▶ Activity: The records below must be repeated exactly, but without their pictures.

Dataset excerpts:
----------------------------------------
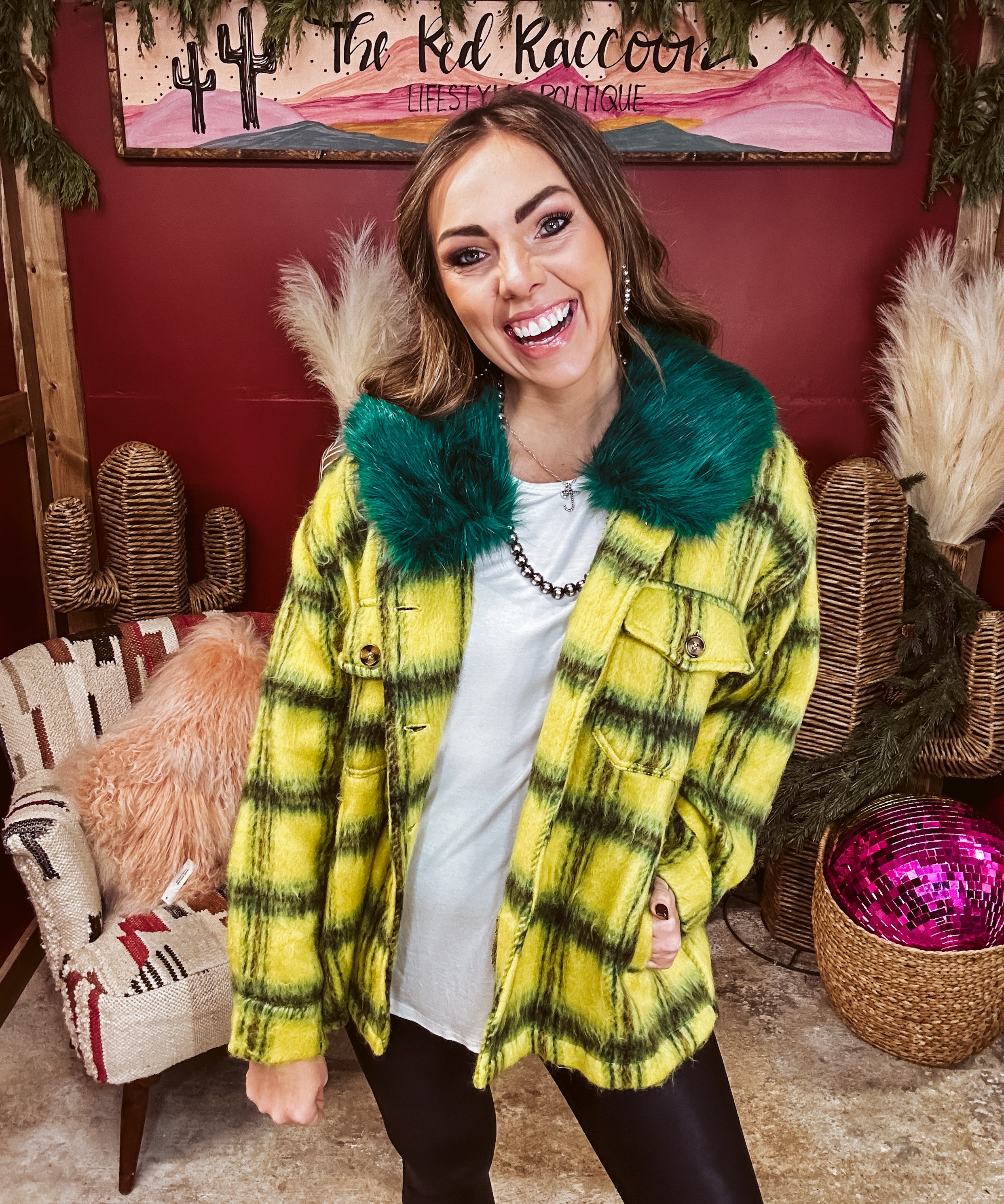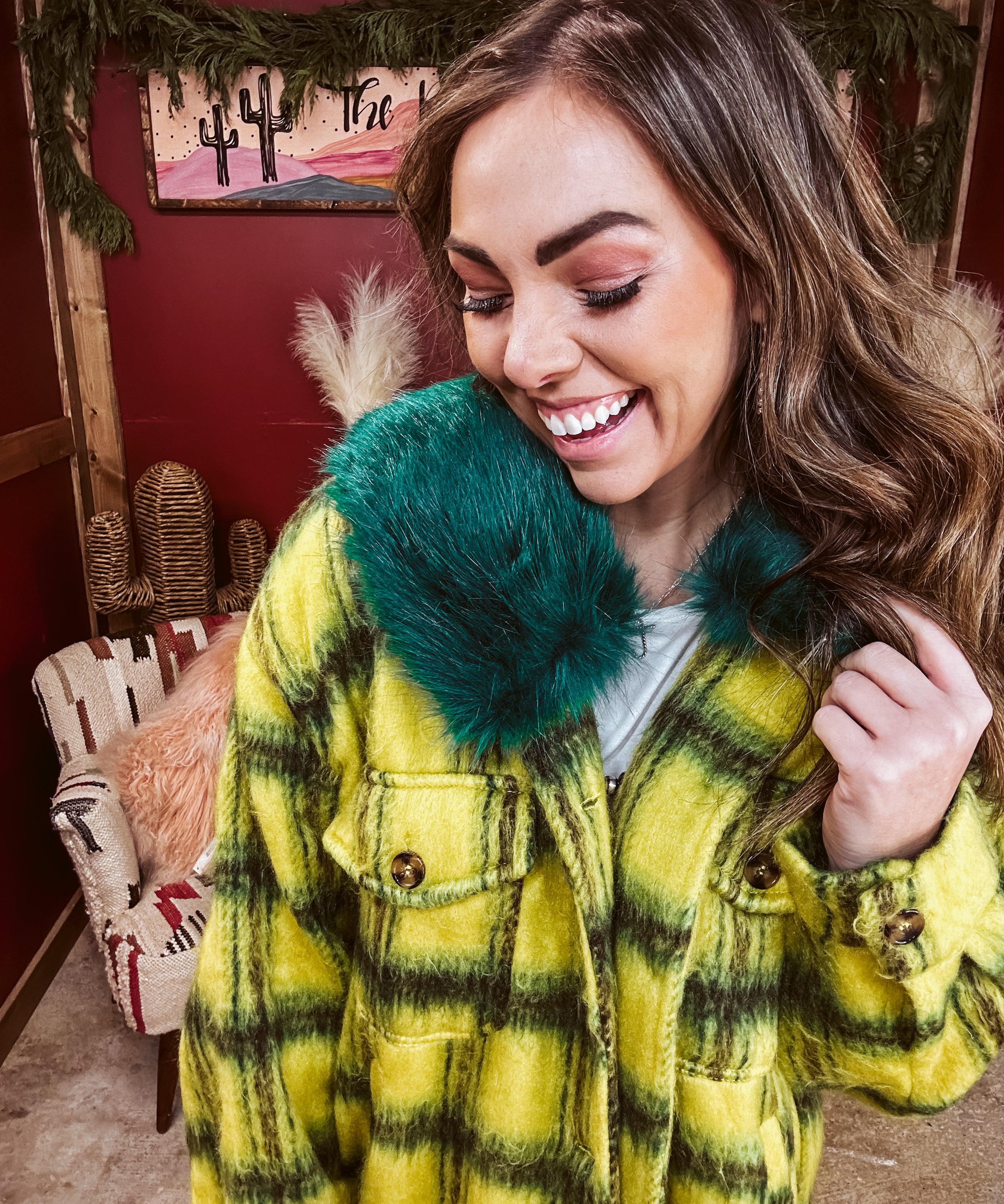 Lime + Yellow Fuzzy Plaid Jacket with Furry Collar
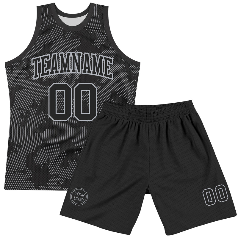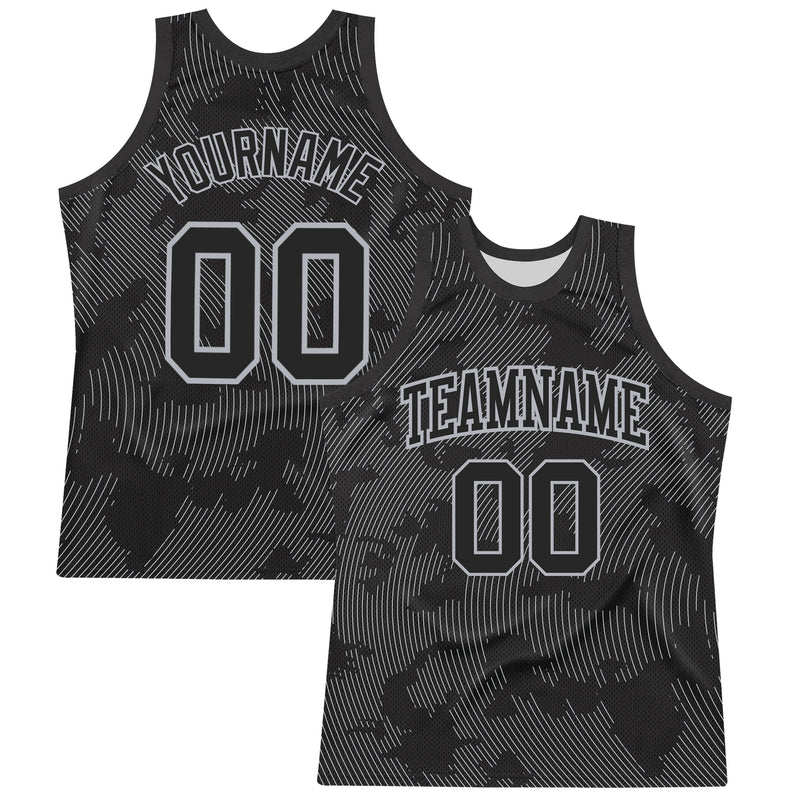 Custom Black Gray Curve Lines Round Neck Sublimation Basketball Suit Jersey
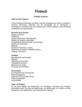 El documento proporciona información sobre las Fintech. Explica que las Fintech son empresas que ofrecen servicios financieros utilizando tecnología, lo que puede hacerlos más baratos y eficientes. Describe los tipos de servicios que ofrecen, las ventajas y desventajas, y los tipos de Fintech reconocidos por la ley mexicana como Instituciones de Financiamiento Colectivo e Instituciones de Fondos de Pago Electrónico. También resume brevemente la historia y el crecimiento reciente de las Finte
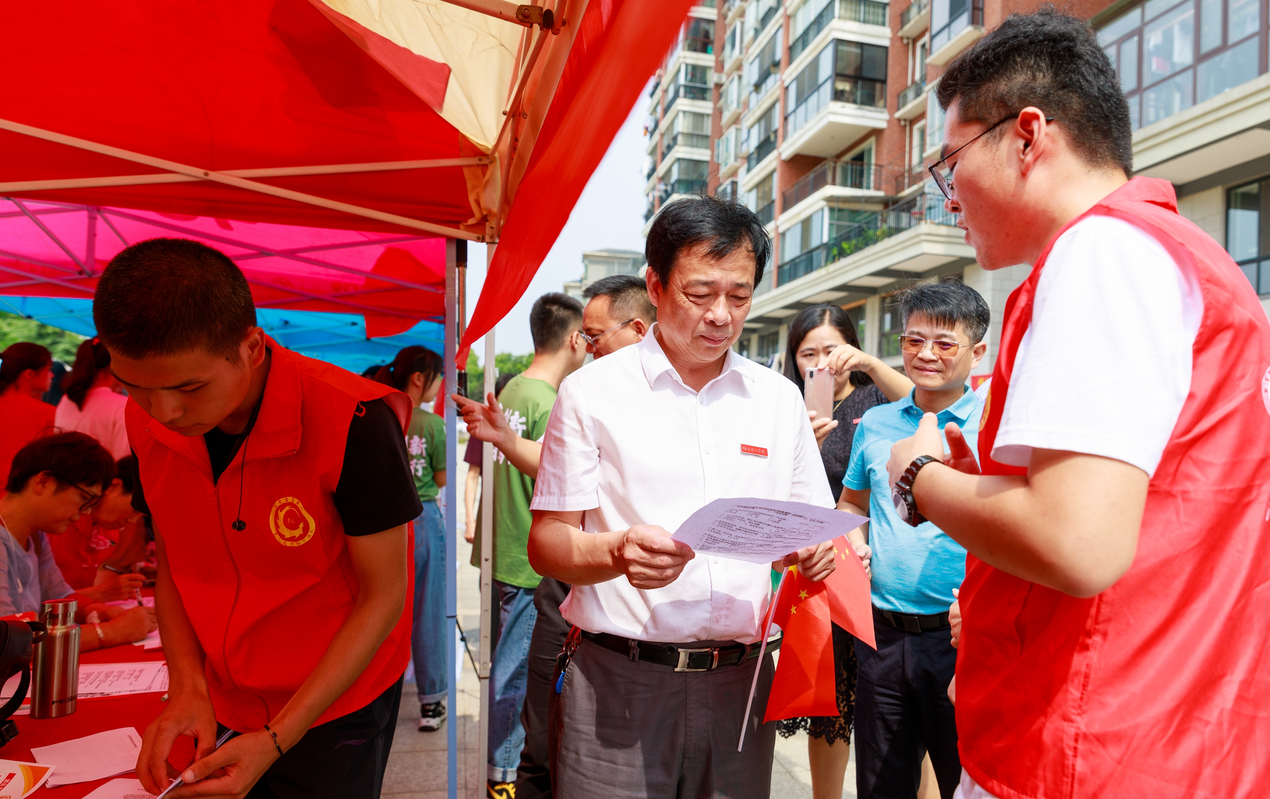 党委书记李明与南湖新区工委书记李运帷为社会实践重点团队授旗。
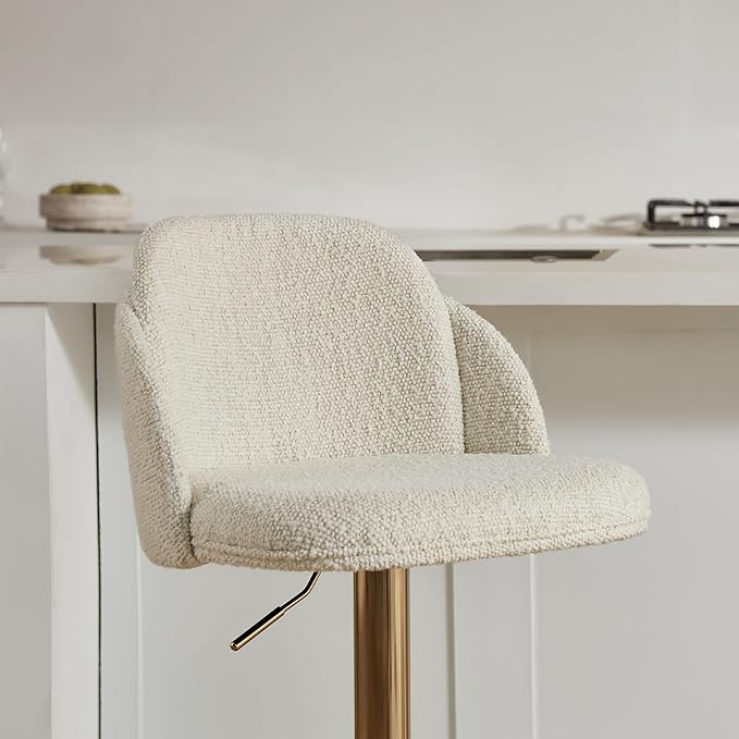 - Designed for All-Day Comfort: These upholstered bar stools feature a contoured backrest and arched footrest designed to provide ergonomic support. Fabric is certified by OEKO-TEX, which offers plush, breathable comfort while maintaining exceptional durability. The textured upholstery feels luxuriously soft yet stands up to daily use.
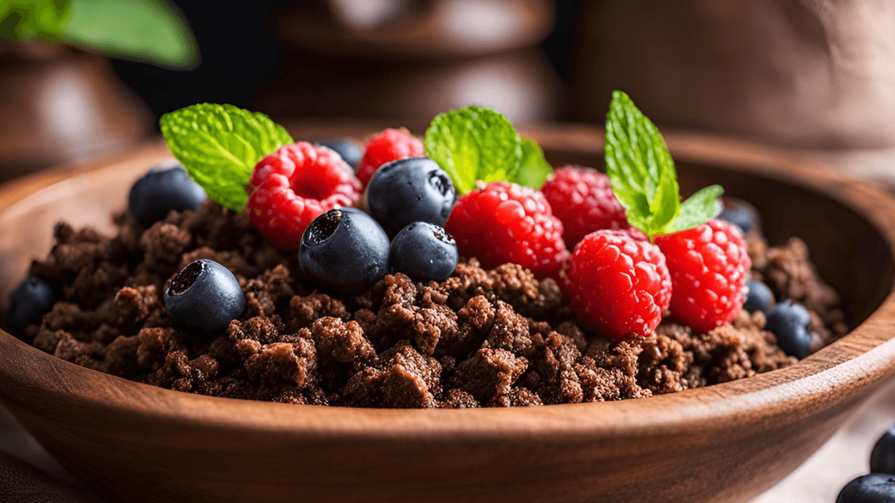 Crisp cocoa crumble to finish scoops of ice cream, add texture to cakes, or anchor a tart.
----------------------------------------
▶ Exercise answer:
 Lime + Yellow Fuzzy Plaid Jacket with Furry Collar
 Custom Black Gray Curve Lines Round Neck Sublimation Basketball Suit Jersey
 El documento proporciona información sobre las Fintech. Explica que las Fintech son empresas que ofrecen servicios financieros utilizando tecnología, lo que puede hacerlos más baratos y eficientes. Describe los tipos de servicios que ofrecen, las ventajas y desventajas, y los tipos de Fintech reconocidos por la ley mexicana como Instituciones de Financiamiento Colectivo e Instituciones de Fondos de Pago Electrónico. También resume brevemente la historia y el crecimiento reciente de las Finte
 党委书记李明与南湖新区工委书记李运帷为社会实践重点团队授旗。
 - Designed for All-Day Comfort: These upholstered bar stools feature a contoured backrest and arched footrest designed to provide ergonomic support. Fabric is certified by OEKO-TEX, which offers plush, breathable comfort while maintaining exceptional durability. The textured upholstery feels luxuriously soft yet stands up to daily use.
 Crisp cocoa crumble to finish scoops of ice cream, add texture to cakes, or anchor a tart.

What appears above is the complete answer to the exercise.